Saturday, December 8, 2012

No Christmas for you!


Remember how I said my family growing up was too conservative theologically for even the conservative churches we went to and how our denomination was the "1700s"?  Don't worry if you don't, it was way back in my first post, but this time of year always reminds of exactly how this was true.

We never celebrated Christmas.

Wait..... what?!  Yep, you heard right - as a family, we never celebrated Christmas.  We never got presents from our parents.  We never had a Christmas tree.  We never had decorations.  We never made special food.  We never sang Christmas carols.  We never went to a Christmas Eve service.  My dad's family were all normal and we at least went to the family get-together every year and got presents from our aunts and uncles.  But to celebrate it ourselves and have our own family traditions?  Not a prayer of a chance.

And here's why.

My parents, like I said, essentially lived in the mindset and doctrines of the Protestant Reformation through the era of the Puritans.  One of the mainstays of the doctrines of this set was that of what is called the Regulative Principle.  The regulative principle states that what is not explicitly commanded in the Bible to do/observe is by default forbidden.  Not 'left up to personal judgement'.... forbidden.  And since nowhere in the New Testament are we instructed to observe Jesus' birth, Christmas is wrong.

Yep, you heard right.  We were brought up being taught that Christmas is wrong.

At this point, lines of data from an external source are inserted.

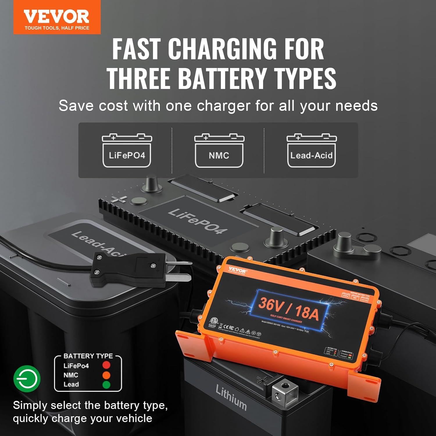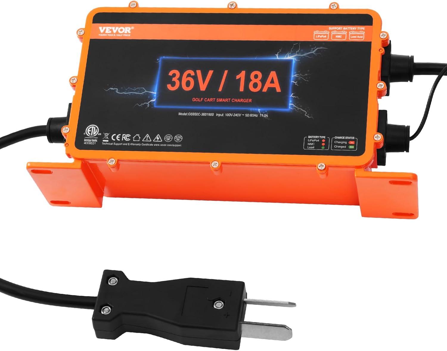 VEVOR 48 Volt Golf Cart Battery Charger, 15 AMP, Smart Battery Charger with RXV Plug, Compatible with Lead-Acid AGM/GEL/EFB MF Flooded NMC LiFePO4 Batteries for EZGO TXT, IP67 Waterproof ETL Certified(36V 18A For Crowfoot Plug)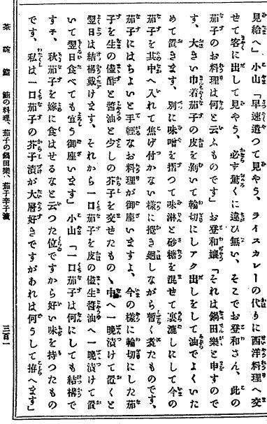 お登和嬢「それは鍋田楽と申すのです。大きい巾着茄子の皮を剥いて輪切りにし、アク出しをして油でよくいためて置きます。別に味噌を摺って味醂と砂糖を混ぜて裏漉しにして、今の茄子をその中に入れて焦げ付かないように掻き回しながら暫く煮たものです。茄子にはちょいとお手軽な料理が御座いますよ。今のように輪切りにした茄子を生のまま酢と醤油と少しの芥子を交ぜたものの中へ一晩漬けて置くと翌日は結構戴けます。それから一口茄子を皮のまま生醤油へ一晩漬けて置いて翌日食べてもよろしゅう御座います」
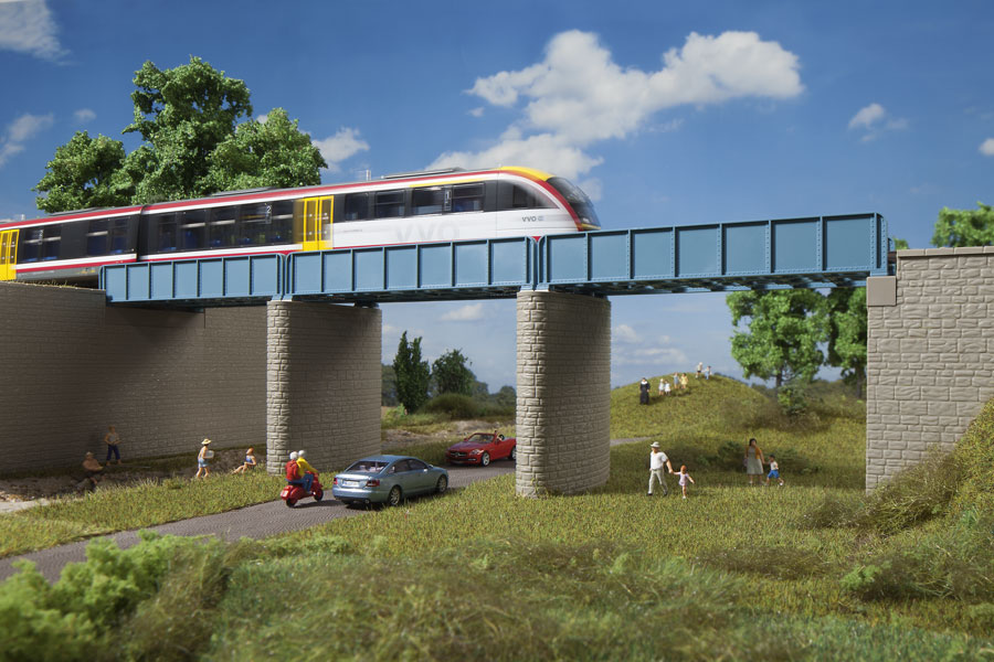 Mit diesem Bausatz erreichen Sie bei unserem Art. 11 441 Blechträgerbrücke noch mehr Variantenvielfalt. Eingleisig, gerade und mit unten liegender Fahrbahn sowie außen liegenden Hauptägern.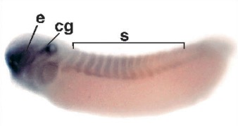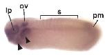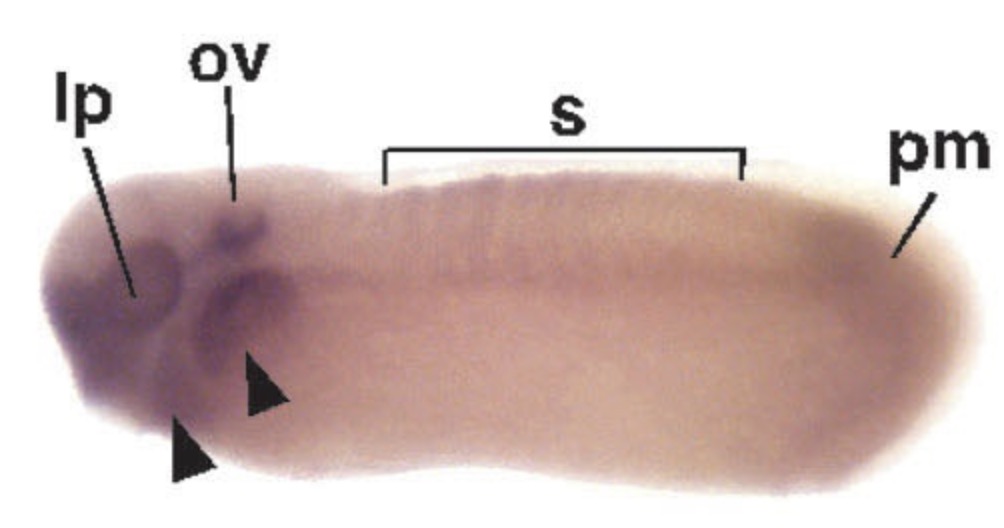 Key: lp= lensplacode; ov= otic vesicle; s= somites; pm= presomitic mesoderm.
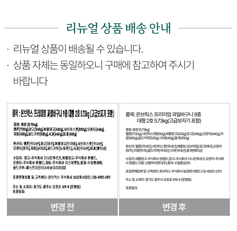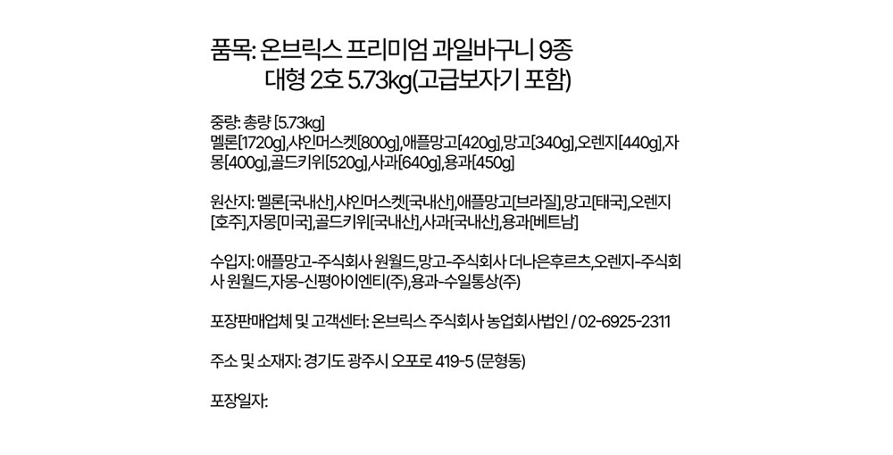 · 산지 수급 상황에 따라 과일의 입수량이 달라질 수 있습니다. 구성이나 총 중량에는 변화가 없으니 안심하고 구매하세요.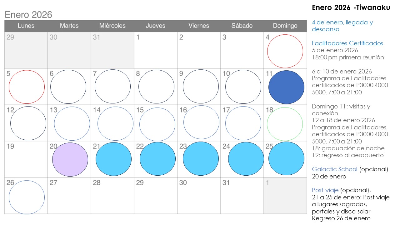 Se trata de una formación especial e intensa, que le prepara en 144 horas para ser Facilitadores Certificados de Pedagooogia 3000 4000 5000 (P3000). Será atendida por Noemi Paymal, antropóloga francesa, fundadora de Pedagooogia 3000 4000 5000 y Carolina Adjemian, Facilitadora de Facilitadores.

When I got married, I finally had the chance to do Christmas-y things with someone else for the first time.  It was the first time I'd ever gotten a stocking, the first time I'd properly strung and decorated a Christmas tree with Christmas music playing.  I suppose I could have before - I was working and paying rent to my parents and wouldn't have gotten in trouble, but to me it wasn't worth the constant looks and sideways comments I knew I'd get.  Besides, that first Christmas I was truly self-sufficient, I was completely distracted by having gone on my first date ever with who turned out to be my husband (yes, seven years later and I still can't believe it!), and had thoroughly enjoyed being utterly rebellious and simply announcing that I was going out with a guy from work :D

But anyway, I'll never get back the opportunity to experience Christmas as a kid.  Beyond the materialistic reasons all kids like Christmas, I know I would have loved going to a Christmas Eve candlelight service filled with music and singing, and just getting to enjoy the whole thing instead of knowing that we were beyond different even in the conservative church we went to and looking wistfully at my violin teacher's huge and heavily decorated tree she had every year and all the lights in the rest of the neighborhood and thinking deep down that whole world couldn't possibly be wrong about Christmas.

And so I specifically want to make Christmas special for my kids.  Once again give my baby girl and any future siblings she might have something I never got.  Give them joy and happiness, not teach them to bemoan the secularization and backsliding of the church.  What sort of parents lay that on their children about Christmas?!  No.  We will have stockings, and ripped wrapping paper all over the living room, and delicious food, and buy toys for the Marines' Toys for Tots, adopt a family for our local Angel Tree, go to our candlelight service at church and sing Christmas carols.  And I will enjoy every minute of it more than they, or even my husband (although he has a pretty good idea), will ever know.